The first peoples of the Mojave Desert used a rich language of symbolism that could be interpreted by others. Petroglyphs dot rocky landscape throughout the desert and are a remnant of the past. They can be hundreds to thousands of years old.
Some petroglyphs contain images of bighorn sheep, deer, reptiles, birds, insects, plants and trees. Others represent human-like stick and solid body images along with various baskets, masks, shields and hand designs. It is thrilling when you spot petroglyphs, or rarer pictographs made from pigmented minerals to rock surfaces, on basalt boulders.
One such area you will find many petroglyphs is the Black Mountain Rock Art District, northwest of Barstow, California. Inscription Canyon has the highest concentration of petroglyphs in the Black Mountain Rock Art District, many dating to 12,000 years old.
Petroglyphs are found here due to the presence of lava rock and minerals suitable for “rock art” activities.
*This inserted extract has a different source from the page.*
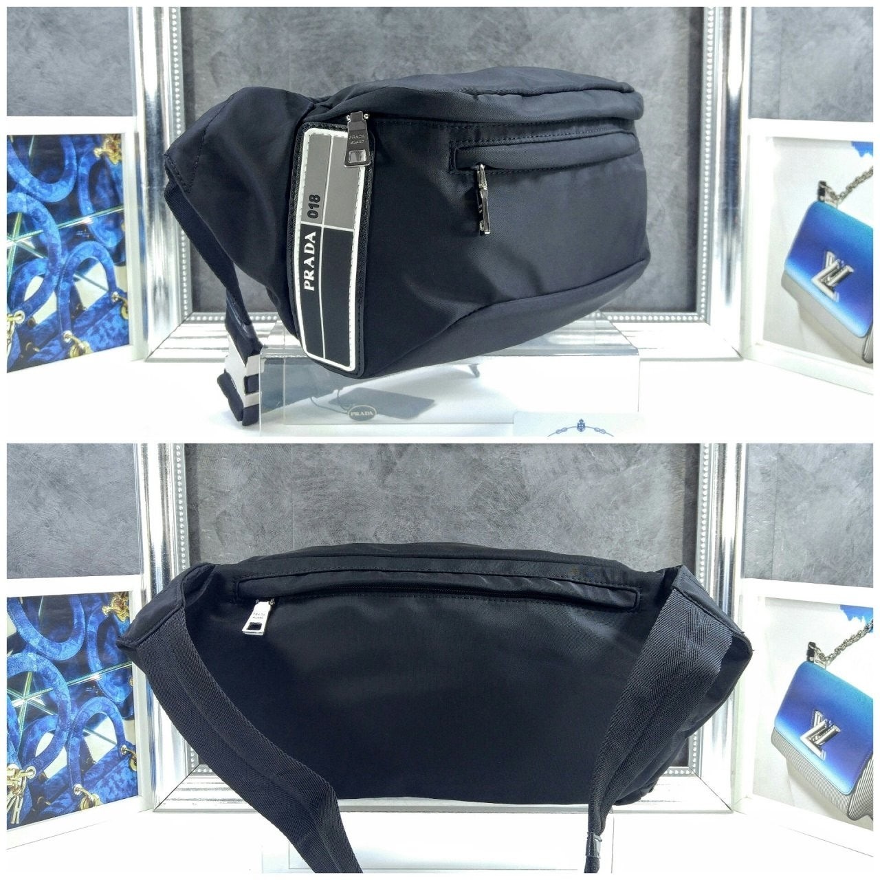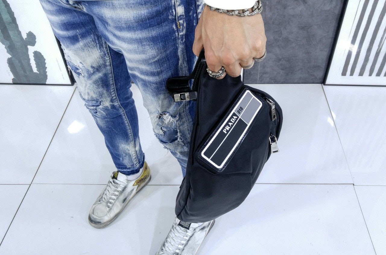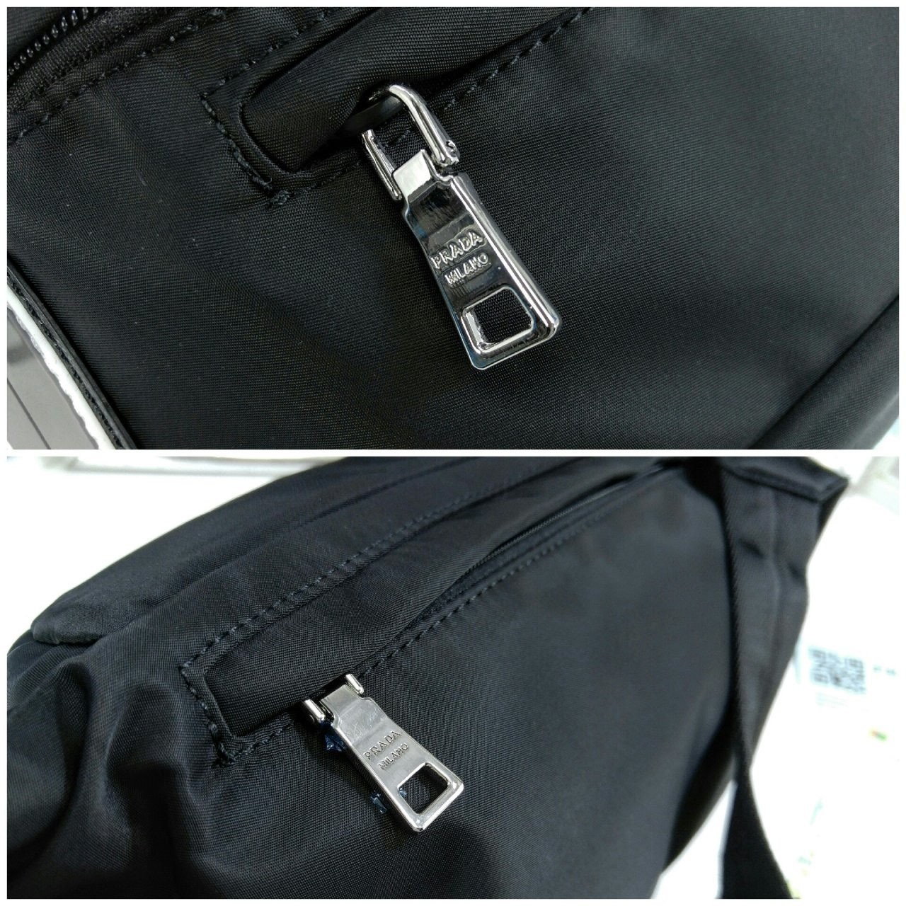 리나일론 개버딘 패브릭과 사피아노 가죽으로 제작한 숄더백

Deposits of quartz and other very hard minerals made this a popular area for making stone tools and engraving instruments.
While motorized travel is prohibited in some canyons leading to wilderness areas, hikers can leave the main dirt road to discover mysteries of those who once roamed this ancient land.
The Black Mountain Rock Art District has been placed on the National Register of Historic Places and is protected by federal law against vandalism and the removal of artifacts to the fullest extent of the law.
Never touch petroglyphs with your hands. Do not make etchings or add any markings. Leave petroglyphs alone for others to enjoy! Please remember, take only photographs and leave only footprints! Respect Native heritage.
If you plan to backpack and camp overnight in the designated Wilderness Area, contact http://www.blm.gov/ca/st/en/fo/barstow.html for wilderness permits and BLM maps. They can inform you about any possible restrictions, trails closures and advise on the best spots for viewing more native rock art in the Mojave Desert.